Article ID: | iaor20123439 |
Volume: | 195 |
Issue: | 1 |
Start Page Number: | 277 |
End Page Number: | 309 |
Publication Date: | May 2012 |
Journal: | Annals of Operations Research |
Authors: | Han Shilian, Mendel Jerry |
Keywords: | fuzzy sets, location, decision theory: multiple criteria |
The international logistics centers choice problem is a very important issue in International logistics. The location choice problem usually involves numbers and words in which all of the criteria are weighted using words and the performance evaluations for all sub‐criteria are either numbers or words. How to aggregate all of these data without losing information is a very daunting task using a type‐1 fuzzy set (T1 FS) approach.
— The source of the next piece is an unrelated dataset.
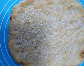 用牙签大头在中间插孔!用烘焙刷将洋葱水刷在饼面儿上,再撒上白芝麻!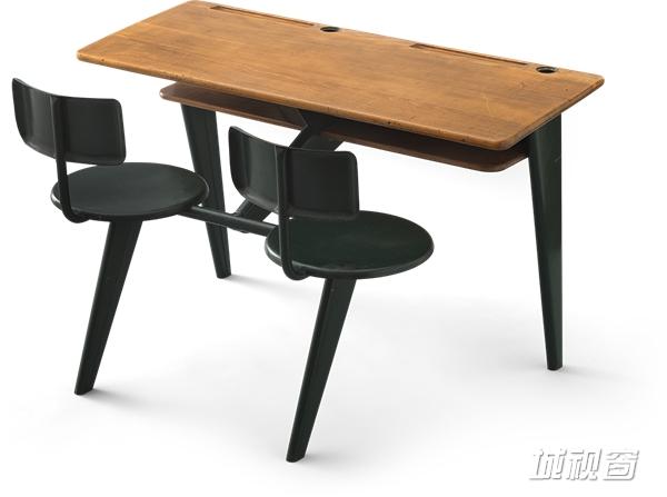 Jean最初是木匠出身,后来被训练为设计师和工程师。他对材料和制造过程的深度研究,令他带给我们一系列经典制作。这个桌椅组合也可见他的经典创作,最初是为战后的新学校们设计的。

This paper applies a new methodology–Perceptual Computer (Per‐C)–to help solve this hierarchical multi‐person multi‐criteria decision making problem. The Per‐C has three components: encoder, computing with words (CWW) engine and decoder. First, the interval approach (IA) is used to obtain interval type‐2 fuzzy set (IT2 FS) word models for the words in a pre‐specified vocabulary. Second, a linguistic weighted average (LWA) is used to aggregate all the data including numbers and words modeled by IT2 FSs. Finally, a centroid‐based ranking method is used to rank the location choices, and a similarity measure is used to obtain similarities of the location choices. The decision‐maker decides the winning location choice as the one with the highest ranking and least similarity to other locations.